_Material provided_.

-- Opening Marker --

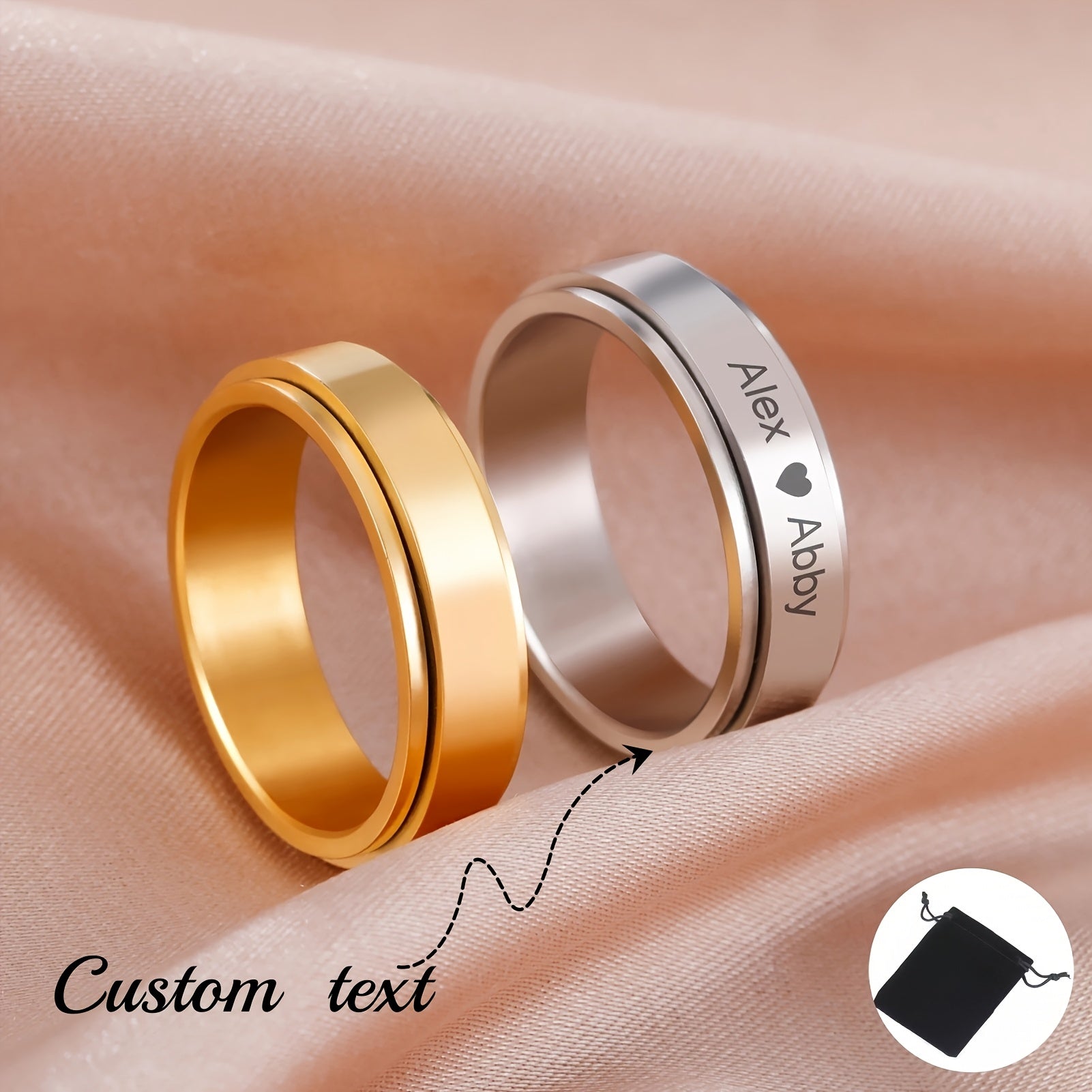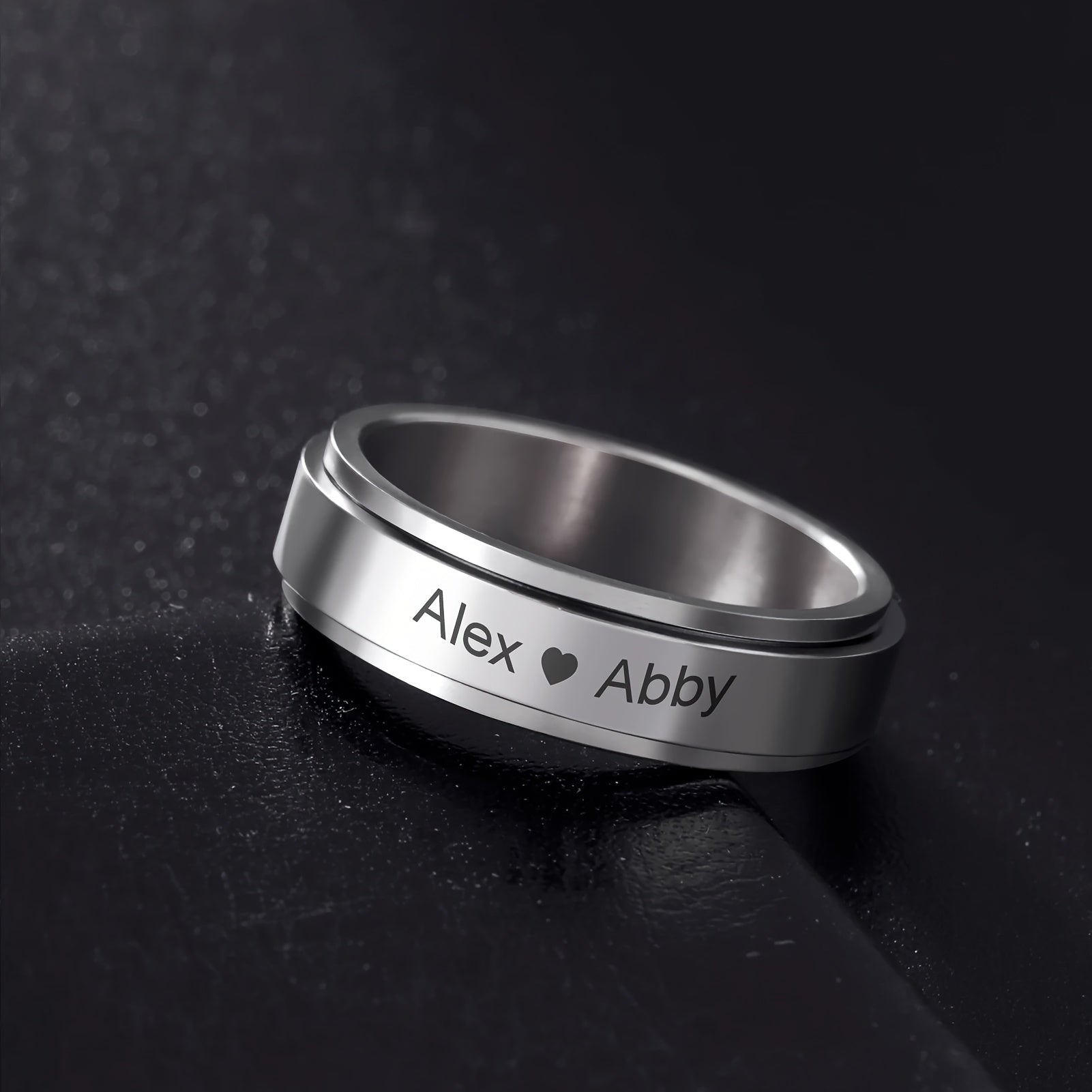 • Personalized rotatable ring with custom name and date
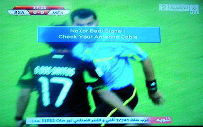 بعد فوز قناة الجزيرة بصفقة نقل مباريات كأس العالم ، وخلال النقل المباشر لمباراة الافتتاح والتي جمعت منتخب جنوب افريقيا والمكسيك ، فوجيء المشاهدون المهووسون بكرة القدم بكتابة عبارة تنويه من طرف قناة الجزيرة تحث المشاهدين على متابعة المباراة بشكل افضل على ترددات القمر الصناعي » عرب سات » في اشارة الى تداخلات ومحاولات تشويش من اطراف مجهولة …
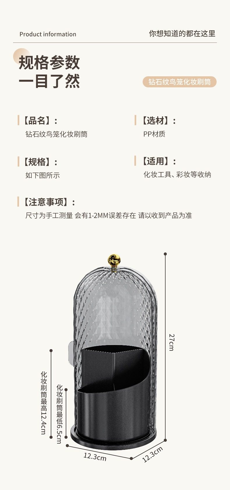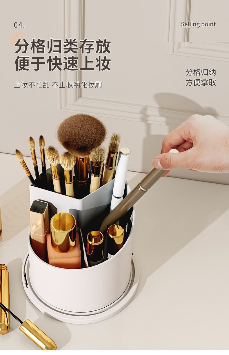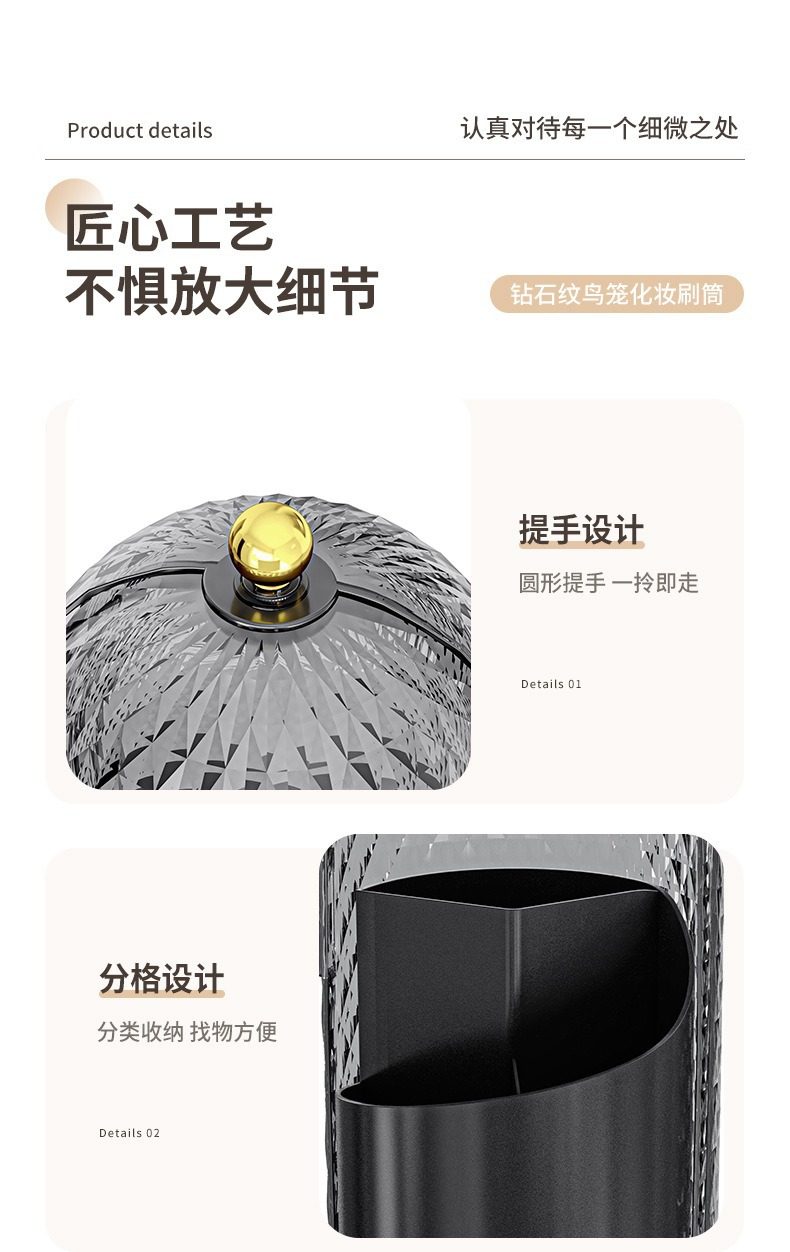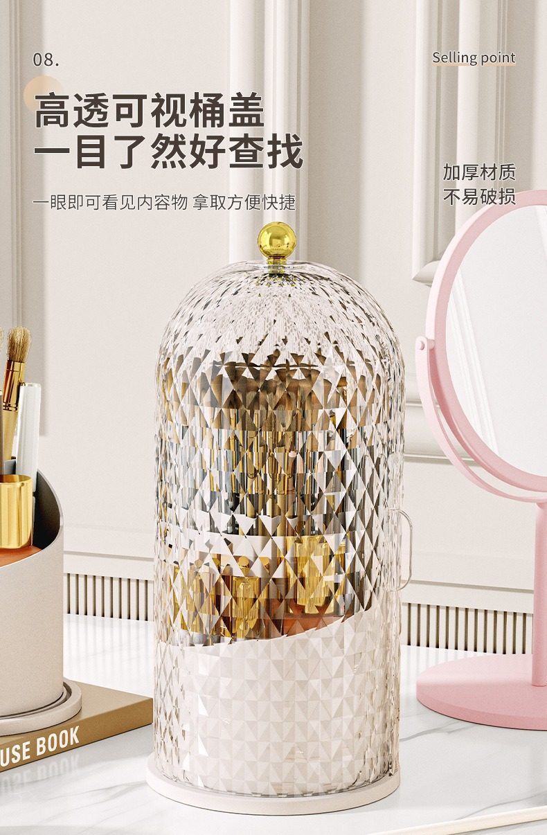 Light Luxury Diamond Pattern Desktop Compartment Storage Tube Transparent Dust-Proof Makeup Box with Lid Rotatable Cosmetics Storage Box

-- Closing Marker --

_Task item_. Give back the full data exactly as it reads, but drop the pictures.

_Solution_.
 • Personalized rotatable ring with custom name and date
 بعد فوز قناة الجزيرة بصفقة نقل مباريات كأس العالم ، وخلال النقل المباشر لمباراة الافتتاح والتي جمعت منتخب جنوب افريقيا والمكسيك ، فوجيء المشاهدون المهووسون بكرة القدم بكتابة عبارة تنويه من طرف قناة الجزيرة تحث المشاهدين على متابعة المباراة بشكل افضل على ترددات القمر الصناعي » عرب سات » في اشارة الى تداخلات ومحاولات تشويش من اطراف مجهولة …
 Light Luxury Diamond Pattern Desktop Compartment Storage Tube Transparent Dust-Proof Makeup Box with Lid Rotatable Cosmetics Storage Box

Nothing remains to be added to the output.